I poured her a Diet Coke as the sun went down in the living room,
already dusk at 6:00 p.m., the last of the light light filtering through the
open window way it does when summer winds down to a close and
the air becomes crisp and cool. And the sense of mystery is in the air.
The fizz filled up the cup, as I turned but kept the bottle in my hand with the intention of filling her up once the bubbles came to a rest.
For a brief second I was in a bar, in the fall, and could smell the pungent smell of beer rising off of the foam, already feeling it go down down my throat, sending it’s warmth into my insides, filling me with a sense of home and a feeling of mild euphoria. I could smell the fusion of aromas; rot of wood that had been wet, dried, and wet again, ad infinitum. That, and a mixture of Murphys oil soap. And there was the smell of smoke, as if from a bonfire burning somewhere in the distance.

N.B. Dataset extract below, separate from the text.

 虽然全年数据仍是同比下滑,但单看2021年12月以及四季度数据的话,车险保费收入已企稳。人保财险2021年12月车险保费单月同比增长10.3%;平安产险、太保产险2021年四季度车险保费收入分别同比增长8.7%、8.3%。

Evenings in the fall when school would begin and parties would start and the longing stirs in me for a place of cozy comfort that I mistakenly searched for at the bottom of a bottle, a beautiful brown Carafe of Canadian whisky, it’s smoothness offering sweet respite from the world and all of its problems. All of the feelings threatening my insides; insecurity, anger, fear and resentment, instantly replaced by that gentle calmness.

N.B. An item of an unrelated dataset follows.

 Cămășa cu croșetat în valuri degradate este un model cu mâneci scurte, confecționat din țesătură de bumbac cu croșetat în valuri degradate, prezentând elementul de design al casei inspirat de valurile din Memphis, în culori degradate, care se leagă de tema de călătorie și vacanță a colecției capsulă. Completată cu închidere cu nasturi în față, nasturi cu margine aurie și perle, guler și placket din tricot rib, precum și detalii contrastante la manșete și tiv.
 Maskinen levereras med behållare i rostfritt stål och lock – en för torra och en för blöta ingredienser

I think this thought through, as Janet says, until I have awakened in a dark room, sweating and nauseated, and wondering where I am. I think this thought through as I look at my feet, reminding myself that I am standing here, in the present, with the great expanse of years between me and that last drink. Several lifetimes ago and many, many seasons. I redirect my feelings towards the canvas that sits in the middle of my living room floor
waiting to be painted and a Max laughing at me for forgetting her glass.